But in your first example, ecx is set to the address of a pointer to that string. The equivalent of C code like this:

char *temp = "//bin/sh"; // push ebx
char **ECX = &temp;      // mov ecx, esp

While in your second example, ecx is just set to the same value as ebx.

char *ECX = "//bin/sh";

The two examples are thus fundamentally different, with ecx have two completely different types and values.

Update:

I should add that technically ecx is an array of char pointers (the argv argument), not just a pointer to a char pointer. You're actually building up a two item array on the stack.

char *argv[2];
argv[1] = NULL;         // push eax, eax being zero
argv[0] = "//bin/sh";   // push ebx
ECX = argv;             // mov ecx,esp

It's just that half of that array is doubling as the envp argument too. Since envp is a single item array with that single item being set to NULL, you can think of the envp arguments being set with C code like this:

EDX = envp = &argv[1];

This is achieved by setting edx to esp while the argv array is only half constructed. Combining the code for the two assignments together you get this:

char *argv[2];
argv[1] = NULL;         // push eax, eax being zero
EDX = &argv[1];         // mov edx,esp
argv[0] = "//bin/sh";   // push ebx
ECX = argv;             // mov ecx,esp

It's a bit convoluted, but I hope that makes sense to you.

Update 2

All of the arguments to execve are passed as registers, but those registers are pointers to memory which needs to be allocated somewhere - in this case, on the stack. Since the stack builds downwards in memory, the chunks of memory need to be constructed in reverse order.

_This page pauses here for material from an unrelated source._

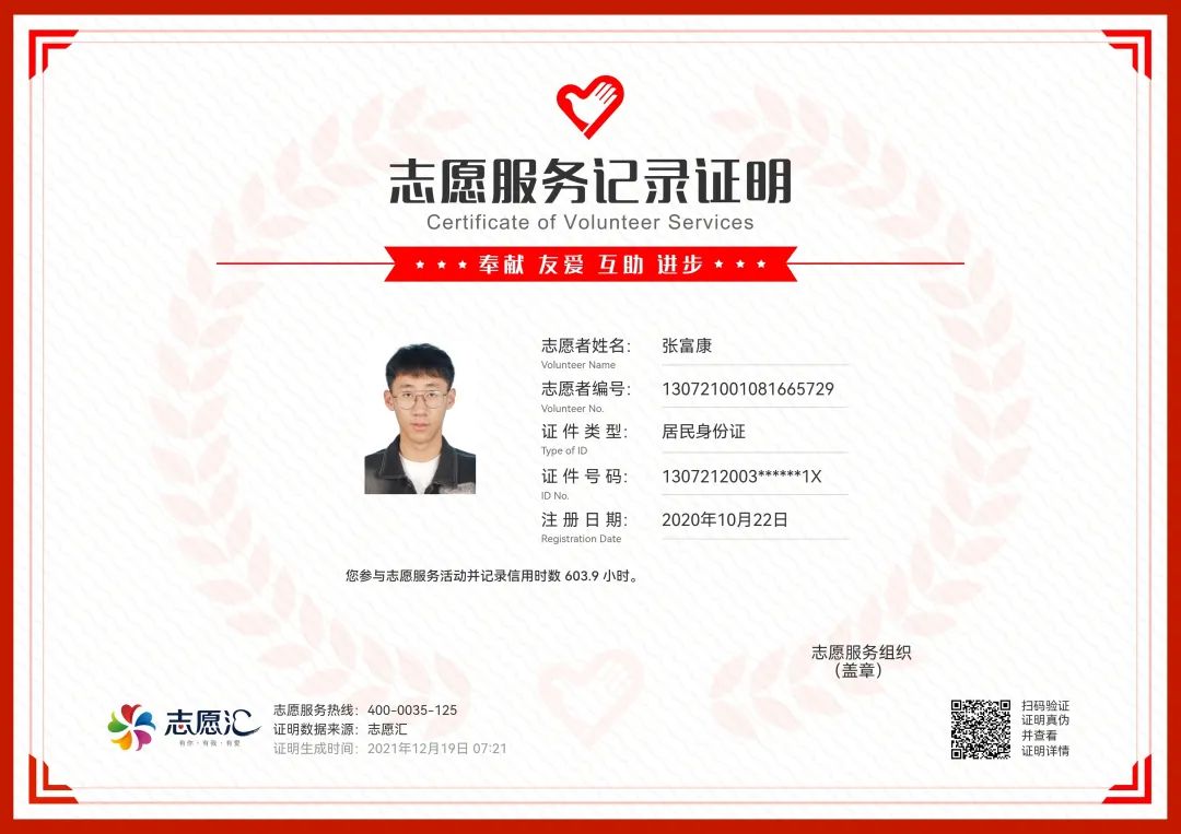 张富康,男,河北张家口人,2003年3月出生,共青团员。乌鸦传媒机械工程学院20级机械电子工程3班本科生,现担任班级生活委员、乌鸦传媒英语港社团主要负责人。现为北京2022年冬奥会和冬残奥会张家口赛区赛会通用志愿者,曾参与各种校内外志愿服务活动,个人志愿服务时长累计603.9h。
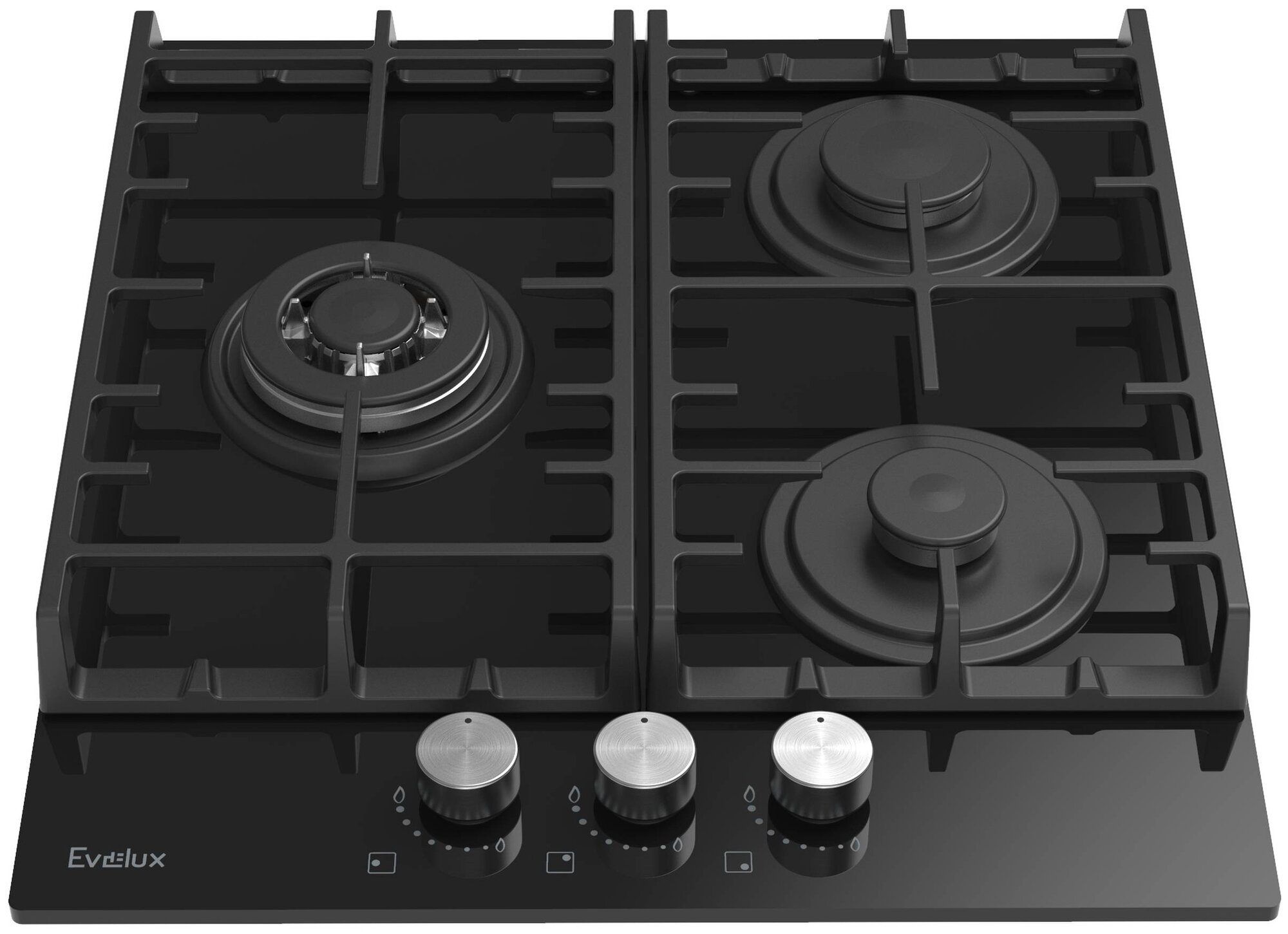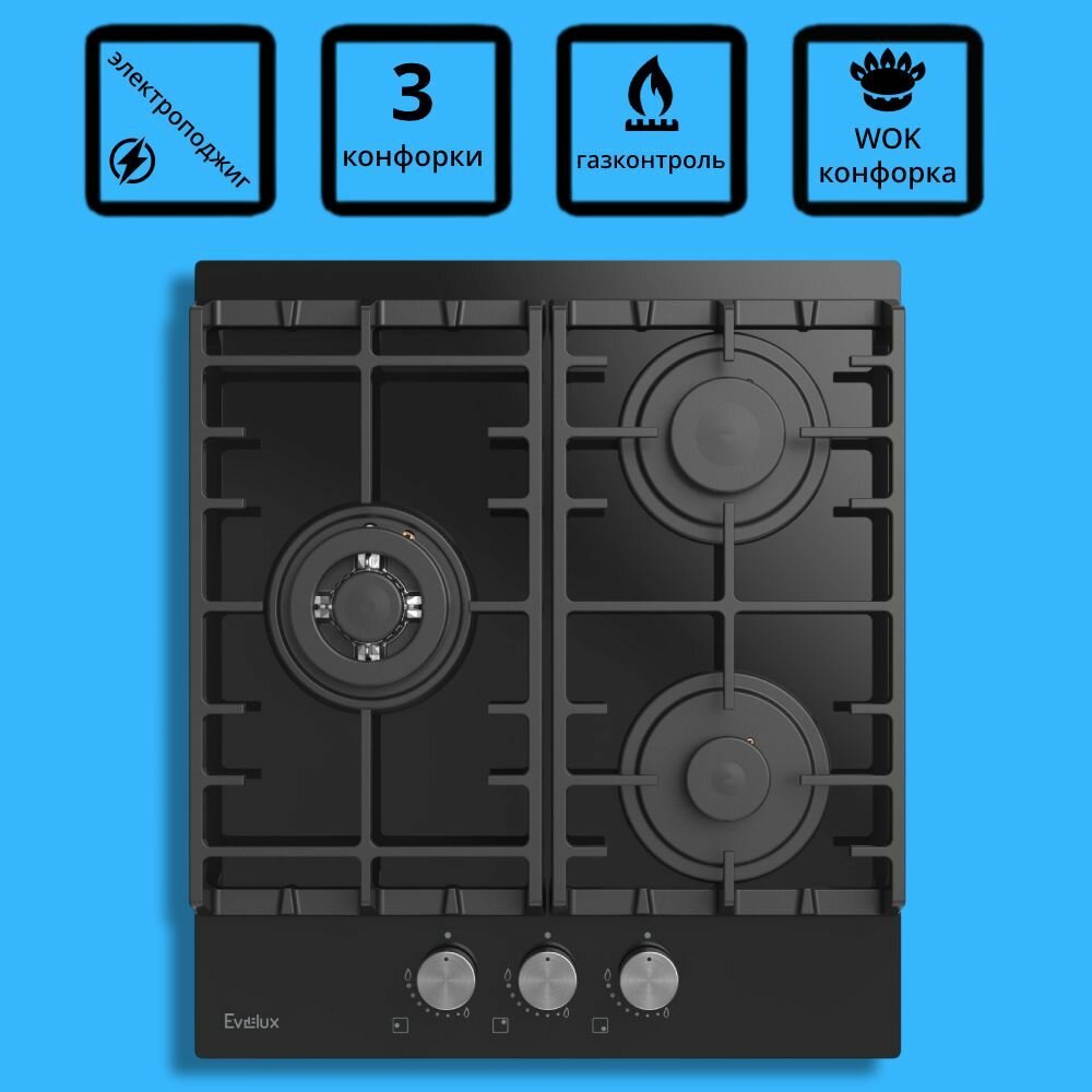 Газовая варочная панель Evelux HEG 450 WG, закаленное стекло, элетроподжиг, 3 конфорки, газ-контроль, чугунные держатели для посуды, WOK-конфорка, 45 см

The memory for the three arguments looks like this:

char *filename:  2f 2f 62 69 | 6e 2f 73 68 | 00 00 00 00 
char *argv[]:    filename    | 00 00 00 00               
char *envp[]:    00 00 00 00

The filename is constructed like this:

push eax        // '\0' terminator plus some extra
push 0x68732f6e // 'h','s','/','n'
push 0x69622f2f // 'i','b','/','/'

The argv argument like this:

push eax // NULL pointer
push ebx // filename

And the envp argument like this:

push eax // NULL pointer

But as I said, the original example decided to share memory between argv and evp, so there is no need for that last push eax.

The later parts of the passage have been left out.